The journal applies the license of CC BY (a Creative Commons Attribution 4.0 International license). This license allows authors to keep ownership f the copyright of their papers. But this license permits any user to download , print out, extract, reuse, archive, and distribute the article, so long as appropriate credit is given to the authors and the source of the work.
The license ensures that the article will be available as widely as possible and that the article can be included in any scientific archive.
Editorial Policy
The publication of an article in a peer reviewed journal is an essential model for Libyan journal of medical Research (LJMR). It is necessary to agree upon standards of expected ethical behavior for all parties involved in the act of publishing: the author, the journal editorial, the peer reviewer and the publisher.

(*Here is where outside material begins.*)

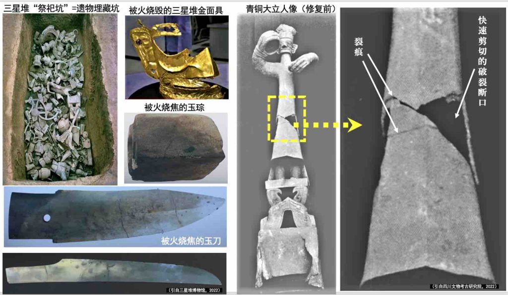首先,就从所谓的“祭祀坑”说起。三星堆遗址的 8 个考古发掘坑出土了 1 万 多件青铜器和金器以及其他贵重物品。这些遗物大多数都有被破坏和被大火烧毁 的痕迹。这个图中显示的金面具就被烧毁熔解掉了一半,玉琮和玉刀也都被火烧 焦成黑灰色了。而青铜大立人像则被拦腰折断,就像被打破的玻璃那样,具有脆性破裂的特征。本书详细论证了这些具有被破坏和烧毁痕迹的青铜器和金器等遗 物,是被突发性大地震的快速剪切破坏并被地震引起的火灾烧毁的贵重物品和宗 教器具。因此,所谓的“祭祀坑”,既不是用于祭祀仪式,也不是专门用于埋藏祭 祀器具的“祭品埋藏坑”,而是用于埋藏被大地震破坏和烧毁的各种贵重物品和宗 教器具的土坑。

Any manuscript or substantial parts of it, submitted to the journal must not be under consideration by any other journal. In general, the manuscript should not have already been published in any journal or other citable form, although it may have been deposited on a preprint server. Authors are required to ensure that no material submitted as part of a manuscript infringes existing copyrights, or the rights of a third party.
Authorship Policy
The manuscript authorship should be limited to those who have made a significant contribution and intellectual input to the research submitted to the journal, including design, performance, interpretation of the reported study, and writing the manuscript. All those who have made significant contributions should be listed as co-authors.
Others who have participated in certain substantive aspects of the manuscript but without intellectual input should only be recognized in the acknowledgements section of the manuscript. Also, one of the authors should be selected as the corresponding author to communicate with the journal and approve the final version of the manuscript for publication in the LJMR.
Peer-review Policy
- All the manuscripts submitted to LJMR will be subjected to the double-blinded peer-review process;
- The manuscript will be reviewed by two suitable experts in the respective subject area.
- Reports of all the reviewers will be considered while deciding on acceptance/revision or rejection of a manuscript.
- Editor-In-Chief will make the final decision, based on the reviewer’s comments.
- Editor-In-Chief can ask one or more advisory board members for their suggestions upon a manuscript, before making the final decision.
- Associate editor and review editors provide administrative support to maintain the integrity of the peer-review process.
- In case, authors challenge the editor’s negative decision with suitable arguments, the manuscript can be sent to one more reviewer and the final decision will be made based upon his recommendations.